(Excerpts from a dataset)
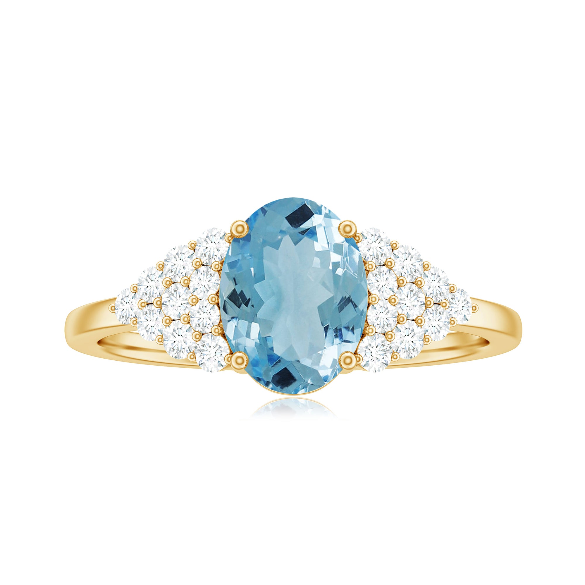 Solitaire Aquamarine Oval Engagement Ring with Diamond
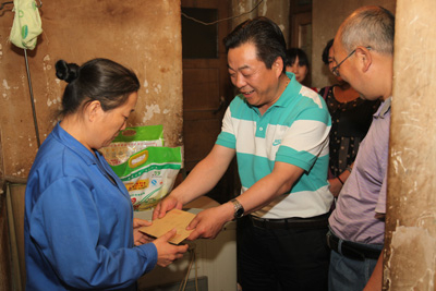 全国劳动模范、银桥乳业集团董事长刘华国捐赠现金和乳品
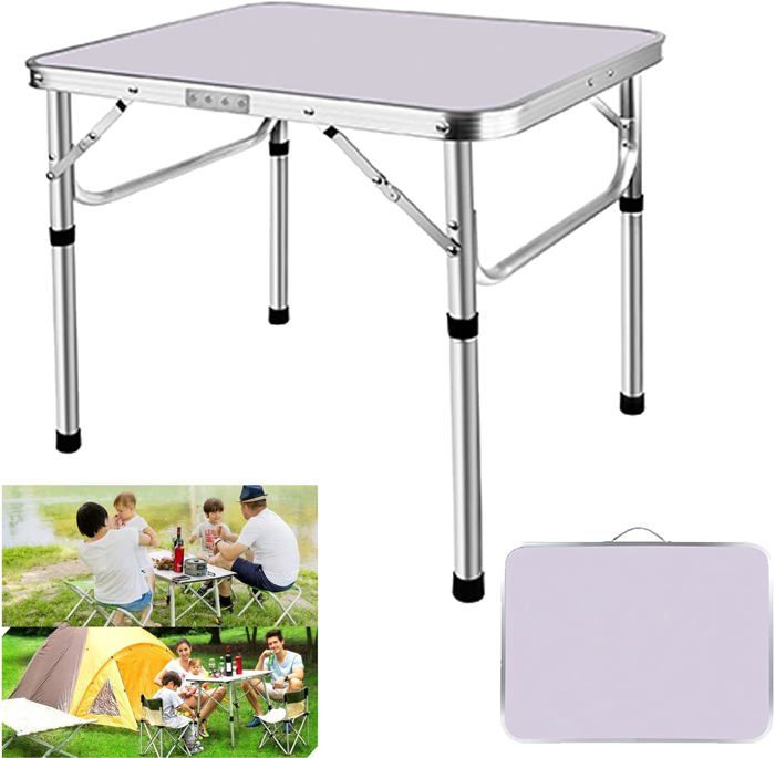 Table de Camping Blanc Aluminium MDF Pliable 60 x 45 x 26/56 cm DAYPLUS Coffre Table de Jardin Réglable Hauteur 2 Niveaux
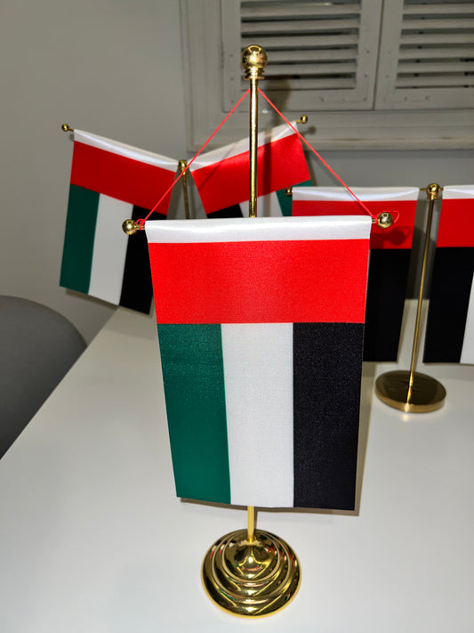 United Arab Emirates Prestige Premium Table Desk Flag | 14 x 21 cm - 1 pc | Double-Sided Satin with 45 cm Steel Pole & Base (Silver/Gold) | Customizable
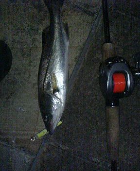 ところが3分としないうちにネガカリ。引っかかるようなところがあったかな?と思いつつサオを煽ってみたら動き出した。 「サカナだ!」 手ごたえは重いけど走らない。ボラか? 巻き取りながら足で距離を詰める。でもって覗き込んだらシーバスだった。30センチ弱ってところ。写真見ればわかる通りでビーフリーズがでかく見える(笑) 屋形船の引き波に乗せて慎重に抜きあげ。 写真撮ってリリースしようとしたらプライヤーを忘れて暗がりでフック外すのに一苦労。自分の指も釣ってしまった(笑)

# TRY IT
Please copy the lines exactly, beginning at the one containing "United Arab Emirates" and ending at the last line of the records above, both included, with the pictures left out.

# WORKED SOLUTION
 United Arab Emirates Prestige Premium Table Desk Flag | 14 x 21 cm - 1 pc | Double-Sided Satin with 45 cm Steel Pole & Base (Silver/Gold) | Customizable
 ところが3分としないうちにネガカリ。引っかかるようなところがあったかな?と思いつつサオを煽ってみたら動き出した。 「サカナだ!」 手ごたえは重いけど走らない。ボラか? 巻き取りながら足で距離を詰める。でもって覗き込んだらシーバスだった。30センチ弱ってところ。写真見ればわかる通りでビーフリーズがでかく見える(笑) 屋形船の引き波に乗せて慎重に抜きあげ。 写真撮ってリリースしようとしたらプライヤーを忘れて暗がりでフック外すのに一苦労。自分の指も釣ってしまった(笑)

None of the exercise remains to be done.